:: THE INPUT
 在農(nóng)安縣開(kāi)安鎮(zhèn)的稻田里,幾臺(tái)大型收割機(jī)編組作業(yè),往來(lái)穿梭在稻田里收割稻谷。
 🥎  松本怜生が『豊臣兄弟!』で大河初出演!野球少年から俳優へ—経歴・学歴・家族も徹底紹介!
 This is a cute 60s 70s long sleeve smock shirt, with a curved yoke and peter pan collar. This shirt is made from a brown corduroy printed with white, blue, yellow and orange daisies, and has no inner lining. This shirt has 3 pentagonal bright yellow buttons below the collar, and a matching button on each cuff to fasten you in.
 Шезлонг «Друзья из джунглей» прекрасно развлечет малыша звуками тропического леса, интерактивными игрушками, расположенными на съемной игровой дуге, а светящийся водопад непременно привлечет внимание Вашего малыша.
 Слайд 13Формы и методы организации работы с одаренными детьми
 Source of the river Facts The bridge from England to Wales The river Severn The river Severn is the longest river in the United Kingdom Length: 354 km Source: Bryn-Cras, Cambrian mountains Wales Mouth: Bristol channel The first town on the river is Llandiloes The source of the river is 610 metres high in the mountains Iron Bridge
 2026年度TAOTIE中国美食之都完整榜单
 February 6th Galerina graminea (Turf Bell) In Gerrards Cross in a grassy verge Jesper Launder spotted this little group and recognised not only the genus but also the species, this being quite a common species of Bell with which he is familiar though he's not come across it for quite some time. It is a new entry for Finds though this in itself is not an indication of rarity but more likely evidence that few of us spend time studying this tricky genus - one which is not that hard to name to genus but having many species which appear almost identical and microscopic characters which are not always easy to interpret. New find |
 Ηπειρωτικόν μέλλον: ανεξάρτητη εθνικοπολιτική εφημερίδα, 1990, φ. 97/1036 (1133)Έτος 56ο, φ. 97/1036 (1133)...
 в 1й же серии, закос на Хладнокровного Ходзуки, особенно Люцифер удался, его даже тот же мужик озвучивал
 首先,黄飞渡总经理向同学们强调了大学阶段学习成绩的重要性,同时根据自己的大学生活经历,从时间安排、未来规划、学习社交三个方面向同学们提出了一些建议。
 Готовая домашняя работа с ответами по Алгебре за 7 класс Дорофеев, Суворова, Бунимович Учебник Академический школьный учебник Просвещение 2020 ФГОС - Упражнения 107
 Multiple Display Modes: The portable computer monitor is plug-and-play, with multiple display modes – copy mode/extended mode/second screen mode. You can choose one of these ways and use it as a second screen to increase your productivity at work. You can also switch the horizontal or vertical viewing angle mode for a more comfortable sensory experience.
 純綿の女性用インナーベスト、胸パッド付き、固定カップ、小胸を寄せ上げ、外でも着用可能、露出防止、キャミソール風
::::
**WHAT YOU WILL DO**. Print exactly, and only, the lines from the line containing "внимание Вашего малыша." through the final line of the records, both included.

**OUTPUT**.
 Шезлонг «Друзья из джунглей» прекрасно развлечет малыша звуками тропического леса, интерактивными игрушками, расположенными на съемной игровой дуге, а светящийся водопад непременно привлечет внимание Вашего малыша.
 Слайд 13Формы и методы организации работы с одаренными детьми
 Source of the river Facts The bridge from England to Wales The river Severn The river Severn is the longest river in the United Kingdom Length: 354 km Source: Bryn-Cras, Cambrian mountains Wales Mouth: Bristol channel The first town on the river is Llandiloes The source of the river is 610 metres high in the mountains Iron Bridge
 2026年度TAOTIE中国美食之都完整榜单
 February 6th Galerina graminea (Turf Bell) In Gerrards Cross in a grassy verge Jesper Launder spotted this little group and recognised not only the genus but also the species, this being quite a common species of Bell with which he is familiar though he's not come across it for quite some time. It is a new entry for Finds though this in itself is not an indication of rarity but more likely evidence that few of us spend time studying this tricky genus - one which is not that hard to name to genus but having many species which appear almost identical and microscopic characters which are not always easy to interpret. New find |
 Ηπειρωτικόν μέλλον: ανεξάρτητη εθνικοπολιτική εφημερίδα, 1990, φ. 97/1036 (1133)Έτος 56ο, φ. 97/1036 (1133)...
 в 1й же серии, закос на Хладнокровного Ходзуки, особенно Люцифер удался, его даже тот же мужик озвучивал
 首先,黄飞渡总经理向同学们强调了大学阶段学习成绩的重要性,同时根据自己的大学生活经历,从时间安排、未来规划、学习社交三个方面向同学们提出了一些建议。
 Готовая домашняя работа с ответами по Алгебре за 7 класс Дорофеев, Суворова, Бунимович Учебник Академический школьный учебник Просвещение 2020 ФГОС - Упражнения 107
 Multiple Display Modes: The portable computer monitor is plug-and-play, with multiple display modes – copy mode/extended mode/second screen mode. You can choose one of these ways and use it as a second screen to increase your productivity at work. You can also switch the horizontal or vertical viewing angle mode for a more comfortable sensory experience.
 純綿の女性用インナーベスト、胸パッド付き、固定カップ、小胸を寄せ上げ、外でも着用可能、露出防止、キャミソール風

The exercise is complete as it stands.